Cinema, at its best, is a medium that reveals emotional truth. In the case of Spotlight, when you see a victim of clerical abuse break down in tears, when the extent of the cover up is revealed, layer by layer, when you see three children in a lawyer’s waiting room about to testify, suddenly something moves from a sad news item to painful, heart-wrenching reality. For Christians, the grief that you feel is made more acute by the role the church played in it, as the survivors recount their response to grooming as like being shown special attention by God. One survivor puts it bleakly: “this wasn’t just physical abuse, it was spiritual. They robbed you of your faith in God.”

Spotlight is not, however, the film you might expect. The title is the name of an investigative journalism team at the Boston Globe who were among the first to uncover the extent of the scandal, and the film mostly focusses on their research and writing procedures. As such, it’s not a polemic against the Catholic church or religion, nor is it in any way a story that exploits the drama of abuse. Instead, it’s a restrained, intelligent exploration of how a community can collectively turn a blind eye to its own atrocities.

Remarkably for a film about such an emotive subject, there is no sentimentalism, no moment of grandstanding from the director or its excellent cast. Sometimes I enjoy a film for the bravura cinematic techniques or stunning imagery, yet boundary-pushing experimentation with form only ever really works if it serves the story being told; in Spotlight, director Tom McCarthy shoots it very simply in a way that allows the narrative to unfurl at its own pace.

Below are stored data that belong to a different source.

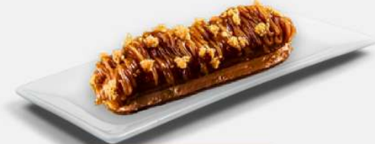
Swiss Chocolate Butterscotch Eclairs

Eclairs filled with Lotus Biscoff, a caramelized spiced cookie.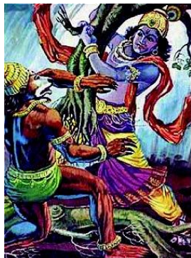
Krishna and Jambavan

According to some Hindu legends, the Koh-i-Nûr diamond was found over 5000 years ago and given to Krishna by Jambavan, King of the Bears.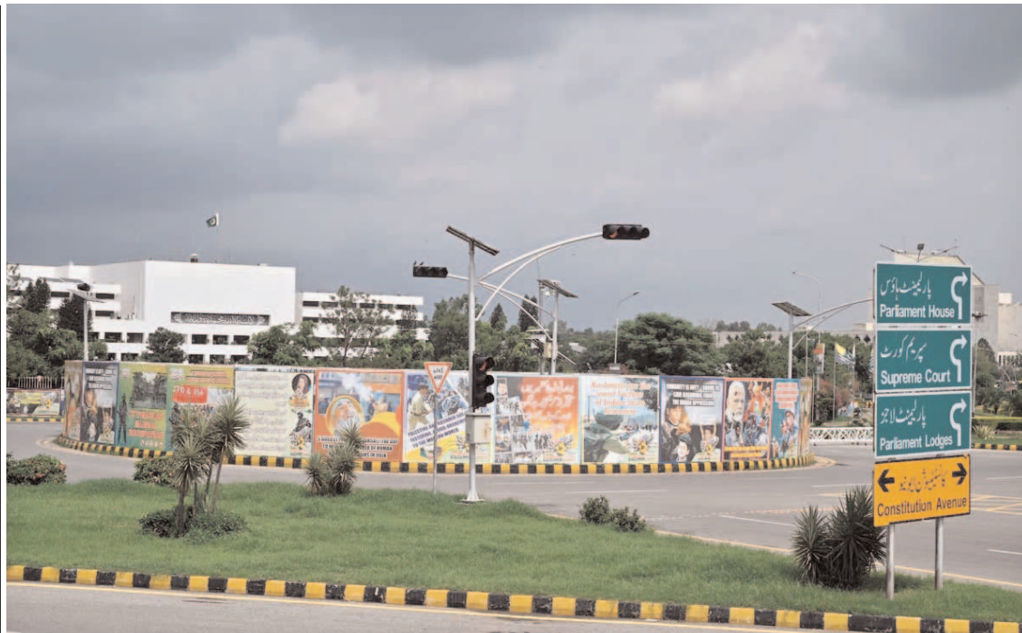
ISLAMABAD: To observe "Youm-e-Istehsal", banners and panaflexes displayed in front of Parliament House against Indian Government's decision of revocation of the special status of disputed territory of Indian Illegally Occupied Jammu & Kashmir (IIOJK).

The employees of PHA Rawalpindi, the Forest Department Rawalpindi Division, a large number of citizens and students participated in the campaign.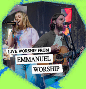
LIVE WORSHIP FROM EMMANUEL WORSHIP

INSPIRING RALLIES OUTDOOR FESTIVAL SOURCE & SUMMIT SACRAMENTS ENGAGING & PRACTICAL WORKSHOPS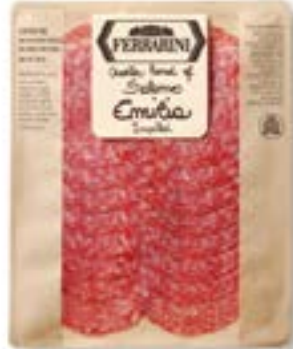
SALAME EMILIA weight - 4 oz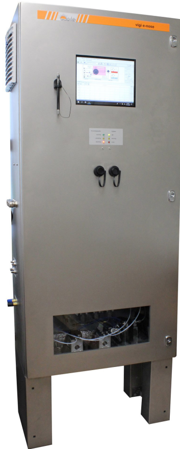
Model: V10022 (wall mounted version with gas generators)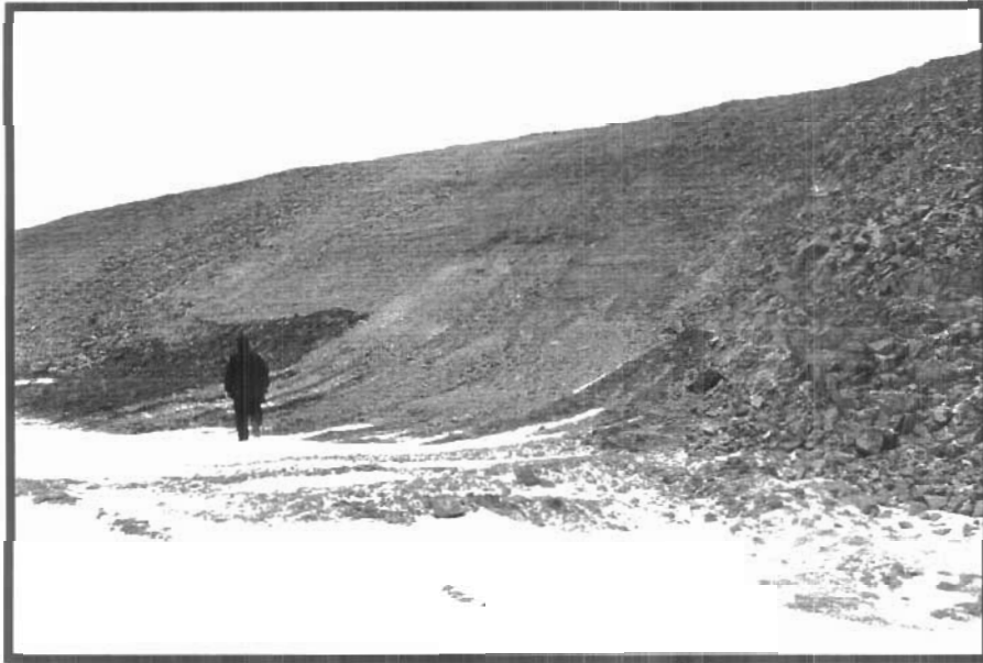
Photo 2 Main portal area backfilled.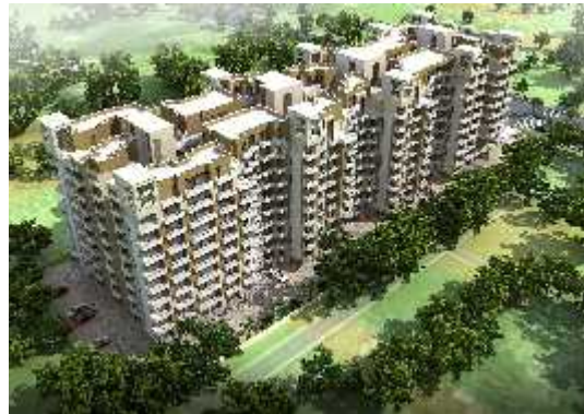
Arihant Dynasty | Patrakar Colony | Mansarovar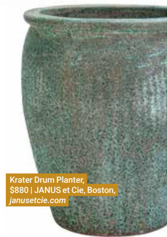
Krater Drum Planter, $880 | JANUS et Cie, Boston, janusetcie.com

Jordan's Jungle, Pawtucket, R.I., jordansjungle.net Seed to Stem, Worcester, Mass., seedtostemhome.com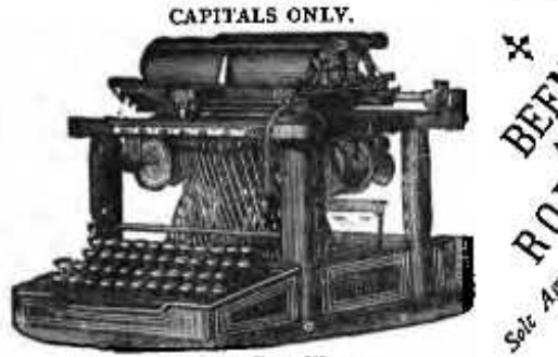
No. 4 PERFECTED TYPE-WRITER.

Most visually striking is the apparent omnipresence of church buildings in Boston, as the images of their stone towers change from beauty to intimidation. Aside from that, this is a film obsessed with the minutiae, from collecting print clips to poring over dusty documents that hide insidious truths.

Such unshowy technique puts a lot of trust in the cast, who all rise to the challenge of making sifting through libraries and filing for court documents compelling. Picking standouts is almost moot, as Spotlight shows how you can create an ensemble where every character feels real, but I found Michael Keaton’s strong-willed team leader to be the most engaging. The end result is that at no point during the film do you feel manipulated as an audience member, merely presented with the reality of what happened. This makes its horror more palpable and more upsetting.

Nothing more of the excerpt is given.